Auditor general to review ‘nation building’ fund



    The Cayman Islands Auditor General’s office said Tuesday it plans to review $7.1 million in spending by the ruling government during the past two budget years for ‘nation 
building’ initiatives.  

    The Caymanian Compass has reported those initiatives included $4.1 million given to local churches for various construction and facilities improvement, community programmes and enhancements to church buildings’ capacity as hurricane shelters.  

    Other spending from the nation building fund included $750,000 to redevelop the Pines Retirement Home, $55,000 to refurbish an unidentified private museum, and an undisclosed amount spent on a ‘Premier’s Shield’ award for the senior local spelling bee. In addition, some $380,000 had been spent on a young nation builder’s programme for the benefit of 20 students studying a variety of subjects including music, flight training, human resources, accounts and business and 
criminal justice.  

    “I would anticipate the whole nation building fund is an area that we’ll look at,” Acting Auditor General Garnet Harrison said Tuesday. “[The review] would include the churches and the other funds that were given.”  

    Mr. Harrison said no start date had been set for the review since the auditor’s office had several other projects it was working on and was limited by available resources as are all government departments.  

    “It’s one we would like to get to this year,” Mr. Harrison said.  

    It was unclear whether the review would be performed as a straight ‘value-for money’ audit or a more informal public interest report by the auditor general. Typically, government auditors will issue public interest reports on any significant matters that come to their attention during the course of an audit or otherwise.  

    Premier McKeeva Bush announced that government’s spending on the ‘nation building fund’ during the past two budget years in the Legislative Assembly last week. 

    “To date, we have provided grants of approximately $4.1 million to about 19 churches,” Mr. Bush said, adding that enhancing the churches’ hurricane shelter capabilities, improving community programmes and outreach to young people represented good value for money in Cayman.  

    Mr. Bush did not specify which churches had received the money during the 3 August speech to the Legislative Assembly.  

    Spending revealed  

    Freedom of Information requests made for the specific breakdown of ‘nation building fund’ spending actually identified 18 churches, one outreach ministry program and also the Cayman Islands Ministers Association which had received some cash from the fund between July 2009 and June of this year.  
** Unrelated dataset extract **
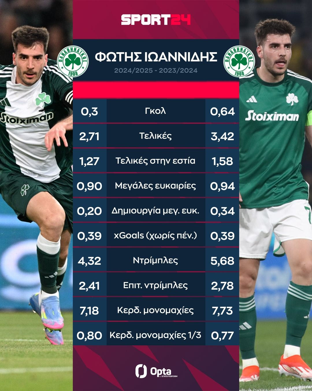 Εν κατακλείδι, η φετινή χρονιά είναι πισωγύρισμα για τον Φώτη Ιωαννίδη, όσον αφορά το σκοράρισμα. Οι λόγοι πολλοί: Η “λαίλαπα” του Ντιέγκο Αλόνσο, το μεγάλο βάρος που φορτώθηκε με το νέο του συμβόλαιο και το περιβραχιόνιο του αρχηγού του Παναθηναϊκού, αλλά και το τεράστιο “πρέπει” για την κατάκτηση του πρωταθλήματος μετά από 14 χρόνια. Τα νούμερα δείχνουν ότι παραμένει ένας επιθετικός που… τρέχει την αντίπαλη άμυνα, συνεχώς βάζει το κορμί του στις μονομαχίες και παλεύει όσο ελάχιστοι στην επίθεση. Βρίσκεται μέσα στις φάσεις, έχει τελικές και προφανώς το έλειψε ένα καλό σερί με γκολ για να τονώσει την ψυχολογία του και να επιστρέψει στα γνωστά του στάνταρ.

    According to the government records, about $2.2 million went to six churches in West Bay, a little more than $1 million went to two churches in the Bodden Town and Frank Sound area, about $765,000 went to 10 churches in George Town, and an additional $125,000 was paid to a church outreach ministry.  

    The Cayman Islands Minister’s Association received $30,000 
from the fund.  

    The five churches which received the majority of the government funding over the course of two budget years were the Wesleyan Holiness Church in West Bay ($1.3 million), the Church of God, Bodden Town ($1 million), The Chapel Church of God, West Bay ($350,000), the Seventh-day Adventist Church in West Bay ($275,000), and the All Nation United Pentecostal Church in George Town ($175,000).  

    The funds given to those five churches represents about three-quarters of the $4.16 million given out from the fund over the past two years.  

    According to records, some of the cash was used for land purchases, other funds are for assisting in building or reconstruction efforts and others were simply defined as ‘grants’.  

    Last week, Mr. Bush urged lawmakers to consider “beyond the short-term gains they may make by seeking to heap ridicule on our nation-building efforts”.  

    “Be mindful of where we have come from, and where we might end up, if we’re not careful,” Mr. Bush said. 


    The Wesleyan Holiness Church in West Bay has received $1.3 million from government during the past two budget years. – Photo: Brent Fuller


    1. Be careful becuase the deeper you dig into a rotten piece of fruit, the more rot you will find. Anything that the cowboy has had his hands in smells of rot instantly. And be careful Mr. Auditor General because if you say too much, you will be catching the next flight back to England. There seems to be a pattern developing.I wonder what it is.

    2. Big Mac’s home church Weslyan received the largest amount of money a whopping 1.3 million dollars!

      Bodden town 1 million? Why is it that there are larger churches in George town only receiving 750,000!

      Nothing wrong with helpint the elderly BUT over half of the country’s money went to West Bayers?!

    3. I thought the Auditor General answers to the Governor alone. If so how can Big Mac influence the Governor to get rid of the Auditor General that we really need so much in this critical hour. This would make us really look down on the good governor if he does not provide the kind of job protection for the Auditor General that is so badly needed. He should have a body guard too! I’m sure he’s not one of the big spenders favorite people and the Governor needs to make sure he is well protected so he can do his job properly.